Divers romans viennent d’être publiés sur le thème de la paternité moderne ou le deuil d’un enfant (« Un coup à prendre » de Xavier de Moulins ou encore le Goncourt du premier roman 2011 « Le fils » de Michel Rostain), précédemment Marie Darrieussecq s’appropriait aussi le genre avec « Tom est mort ». Avez-vous lu l’un de ces livres et quelles sont vos références sur ce thème ?

Non, je n’ai lu aucun de ces livres. Juste feuilleté dans une librairie « Le Fils » de M.Rostain. Je me suis aperçu dès les premières pages que j’avais, moi aussi, évoqué un père reniflant les draps de son fils pour tenter en vain de le convoquer aussi concrètement que possible.

L’évitement de la tragédie et – au delà de ça – , la peur de la perte d’un très proche fût elle l’un des motifs qui a suscité l’écriture de ce roman sur la paternité ?

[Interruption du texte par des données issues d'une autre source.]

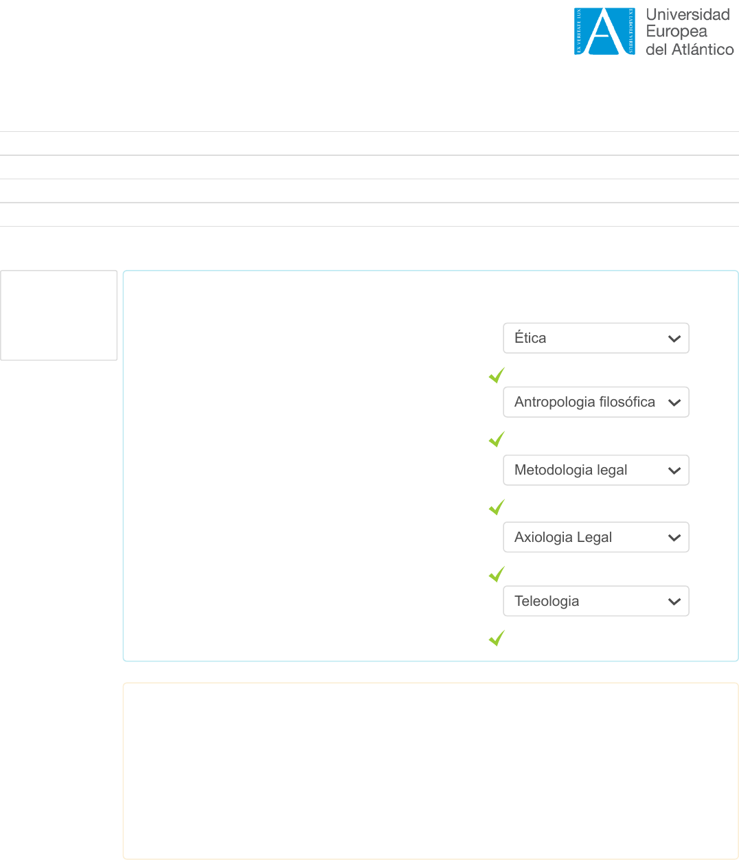 Página principal ► DEMDER###2021-TFC ► MD002 ► Tópico 3 ► Exame Pergunta 1 Correta Nota: 1,30 em 1,30 Iniciada Friday, 16 December 2022, 13:43 Estado Terminada Terminada Friday, 16 December 2022, 14:44 Tempo gasto 1 hora 1 minuto Nota 6,85 num máximo de 10,00 (69%) Relacione cada definição com suas características. - É a ciência que estuda a bondade ou a maldade dos atos humanos. - É o ramo da filosofia que lida com o estudo do ser humano. - É uma disciplina que estuda a aplicação dos métodos do conhecimento às diferentes áreas do direito. - Estuda os valores que regem as normas legais e sua aplicação. - É a doutrina das causas finais. Respuesta correcta A resposta correcta é: - É a ciência que estuda a bondade ou a maldade dos atos humanos. → Ética, - É o ramo da filosofia que lida com o estudo do ser humano. → Antropologia filosófica, - É uma disciplina que estuda a aplicação dos métodos do conhecimento às diferentes áreas do direito. → Metodologia legal, - Estuda os valores que regem as normas legais e sua aplicação. → Axiologia Legal, - É a doutrina das causas finais. → Teleologia Ética Antropologia filosófica Metodologia legal Axiologia Legal Teleologia https://campus2.funiber.org/ https://campus2.funiber.org/course/view.php?id=5266 https://campus2.funiber.org/course/view.php?id=4636 https://campus2.funiber.org/course/view.php?id=4636#section-3 https://campus2.funiber.org/mod/quiz/view.php?id=212724 Pergunta 2 Parcialmente correta Nota: 0,52 em 1,30 Assinale verdadeiro ou falso: - A sociologia jurídica de Radbruch e Pound, a pura teoria do direito de Hans Kelsen e a jurisprudência de Austen fazem parte das tendências do realismo jurídico. - Michel Foucault é um estudioso do poder, especialmente do Estado. - Noam Chomsky argumenta que o proletariado pode criar uma guerra para a busca do poder e não da justiça. - A teoria de H.L.A. Hart é juspositivista. - Os pontos relevantes da teoria de Ronald Dworkin podem ser encontrados em seu livro "O conceito de direito". Respuesta parcialmente correcta. Selecionou 2 respostas corretas. A resposta correcta é: - A sociologia jurídica de Radbruch e Pound, a pura teoria do direito de Hans Kelsen e a jurisprudência de Austen fazem parte das tendências do realismo jurídico. → VERDADEIRO., - Michel Foucault é um estudioso do poder, especialmente do Estado. → VERDADEIRO., - Noam Chomsky argumenta que o proletariado pode criar uma guerra para a busca do poder e não da justiça. → FALSO., - A teoria de H.L.A. Hart é juspositivista. → VERDADEIRO., - Os pontos relevantes da teoria de Ronald Dworkin podem ser encontrados em seu livro "O conceito de direito". → FALSO. FALSO. VERDADEIRO. FALSO. FALSO. VERDADEIRO. Pergunta 3 Parcialmente correta Nota: 0,50 em 1,00 Assinale verdadeiro ou falso: - A hipótese normativa é a circunstância condicionada e prevista na regra e na qual o caso específico deve ser aplicado. - A axiologia legal é a consideração do direito como mero produto sociológico, como manifestação da vida social. - Coerção é a possibilidade abstrata que o sistema legal tem de aplicar uma sanção a uma conduta ilegal. - No sistema jurídico, o direito interno privado é a lei entre particulares, sem a intervenção do Estado em seu vínculo jurídico. Respuesta parcialmente correcta. Selecionou 2 respostas corretas. A resposta correcta é: - A hipótese normativa é a circunstância condicionada e prevista na regra e na qual o caso específico deve ser aplicado. → VERDADEIRO., - A axiologia legal é a consideração do direito como mero produto sociológico, como manifestação da vida social. → FALSO., - Coerção é a possibilidade abstrata que o sistema legal tem de aplicar uma sanção a uma conduta ilegal. → FALSO., - No sistema jurídico, o direito interno privado é a lei entre particulares, sem a intervenção do Estado em seu vínculo jurídico. → VERDADEIRO. VERDADEIRO. FALSO. VERDADEIRO. FALSO. Pergunta 4 Parcialmente correta Nota: 0,75 em 1,00 Pergunta 5 Correta Nota: 0,27 em 0,27 Assinale verdadeiro ou falso: - A lei natural não é a mesma para todos os povos; ela varia de país para país, refletindo desta forma a vida social de cada lugar. - O direito natural é um conjunto de máximas baseadas na equidade, justiça e bom senso, que são impostas ao próprio legislador e surgem das exigências da natureza biológica, racional e social do homem. - Emil Durkheim (1858-1917) é o fundador da escola sociológica de direito. - A luta dos afro-americanos nos Estados Unidos da América é um exemplo da luta contra as estruturas. Respuesta parcialmente correcta. Selecionou 3 respostas corretas. A resposta correcta é: - A lei natural não é a mesma para todos os povos; ela varia de país para país, refletindo desta forma a vida social de cada lugar. → FALSO., - O direito natural é um conjunto de máximas baseadas na equidade, justiça e bom senso, que são impostas ao próprio legislador e surgem das exigências da natureza biológica, racional e social do homem. → VERDADEIRO., - Emil Durkheim (1858- 1917) é o fundador da escola sociológica de direito. → VERDADEIRO., - A luta dos afro-americanos nos Estados Unidos da América é um exemplo da luta contra as estruturas. → VERDADEIRO. Esta ciência leva em conta três aspectos: virtudes, normas e bens: Selecione uma opção de resposta: a. Metafísica. b. Teologia. c. Teleologia. d. Ética. Respuesta correcta A resposta correta é: Ética. FALSO. FALSO. VERDADEIRO. VERDADEIRO. Pergunta 6 Correta Nota: 0,27 em 0,27 Pergunta 7 Correta Nota: 0,27 em 0,27 Pergunta 8 Correta Nota: 0,27 em 0,27 A aplicação da regra pode ser comprometida pela questão de se ela pode ou não ser aplicada a eventos ou atos jurídicos que se originaram quando uma disposição legal anterior estava em vigor do que a vigente no momento do estudo: Selecione uma opção de resposta: a. Retroatividade. b. Vigê

Oui. Mais c’est surtout l’envie de renouer avec une écriture suscitant de l’émotion chez le lecteur qui m’a poussé à écrire ce livre. A l’origine de ce roman, on trouve mes propres questionnements de père essentiellement, même si je ne suis pas le Colin du livre ni son fils Clément l’un de mes deux fils. Je voulais aussi aborder les sujets qui m’intéressent de livre en livre : le couple, le vieillissement, la confrontation interculturelle, l’incommunicabilité, la solitude.

Comment avez-vous travaillé ce livre ?

En essayant de me concentrer au maximum afin de ne pas perdre le fil « sensible » de l’écriture et du rythme. Sur un tel sujet, surtout s’il est abordé sur le mode de la fiction, le moindre mot gratuit ou artificiel peut s’avérer fatal.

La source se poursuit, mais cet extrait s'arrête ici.